While the engineering work was very straightforward, I failed to grasp the overall coordination effort with getting the changes live. We made the update across the platform, so it touched 9 different brand properties, which were owned by 6 different creative and merchandising teams. Each would need to be trained on the new asset requirements (dimensions, file sizes, etc), and each had a different process for coordinating those assets. We had also had a separate project queued up to support retina images, and I thought, since both of these projects require refreshed creative assets, we should combine these projects and launch them together. This caused even more confusion!

Ultimately I had to carve some time out from other strategic projects to get this initiative back on track. I created extensive documentation for the creative teams, and took the time to meet with each team individually to explain the new requirements and launch plan in detail.

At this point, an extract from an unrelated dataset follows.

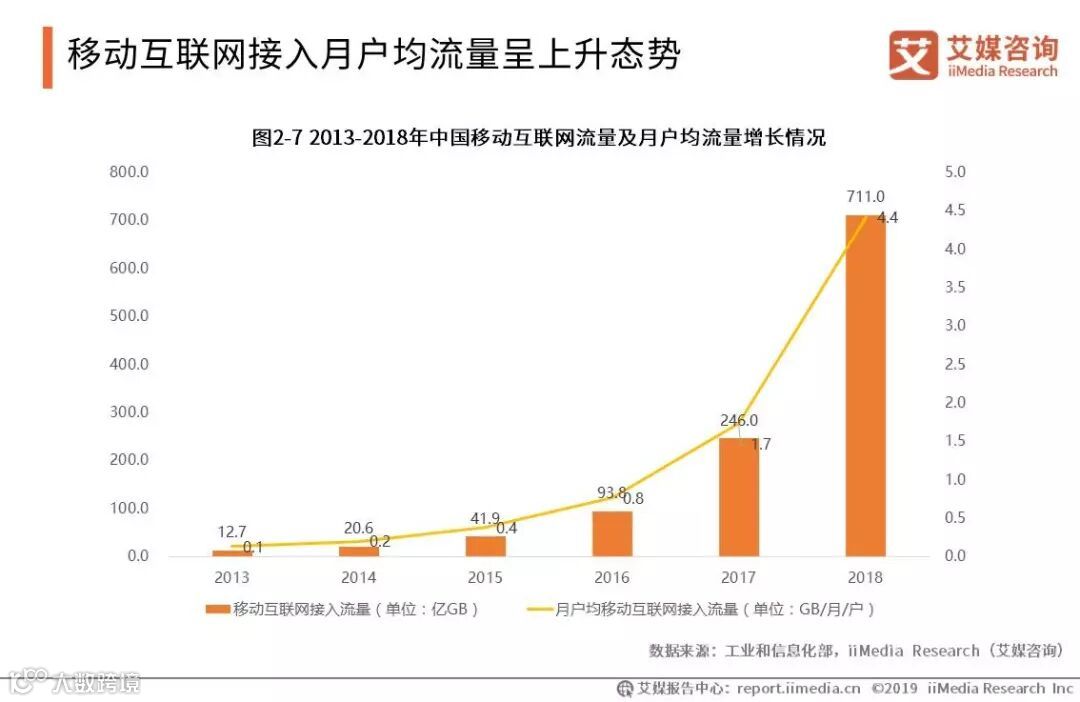 2018年,各种线上线下服务加快融合,移动互联网业务创新拓展,带动移动支付、移动出行、移动视频直播、餐饮外卖等应用加快普及,刺激移动互联网接入流量消费保持高速增长。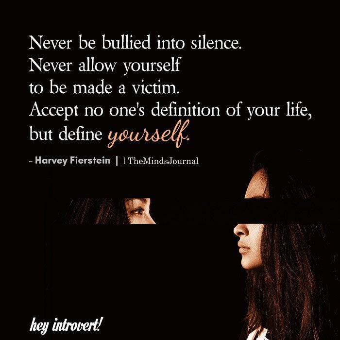 Never be bullied into silence. Never allow yourself to be made a victim. Accept no one’s definition of your life, but define yourself.

This experience really highlighted for me that just because something is easy for engineering to do, doesn’t mean that it’s overall easy to do! Like any other initiative I led, I should have scoped this out more fully and had a conversation with my stakeholders about the full level of effort (not just engineering effort) and realigned on priorities from there. This was a great learning experience though, and just a few months later I led a project where these insights served me very well.

Let me tell you about a time where a website I managed suddenly showed slow performance and the mistake on our side was it was unnoticed until a user reported the issue to management. As a PM for that project, I took full responsibility of the situation and worked with the engineering team to quickly resolve it. This mistake taught me the importance of focusing and monitoring non functional requirements as well in addition to new feature development /adoption where I was mostly spending my time on. After deploying the quick fix, I ensured that such a mistake doesn’t get repeated by putting a good application management tool in place and set up to receive email alerts and necessary Pagerduty alerts when website behavior exceeds set thresholds/SLAs. I personally took the effort to also learn the tool myself to further analyze past issues and call out optimization areas to engineering. With that effort, we are able to show consistent page load times to be less than 3s. I also shared my learnings with others PMs in my team in a brown bag session so they could also benefit.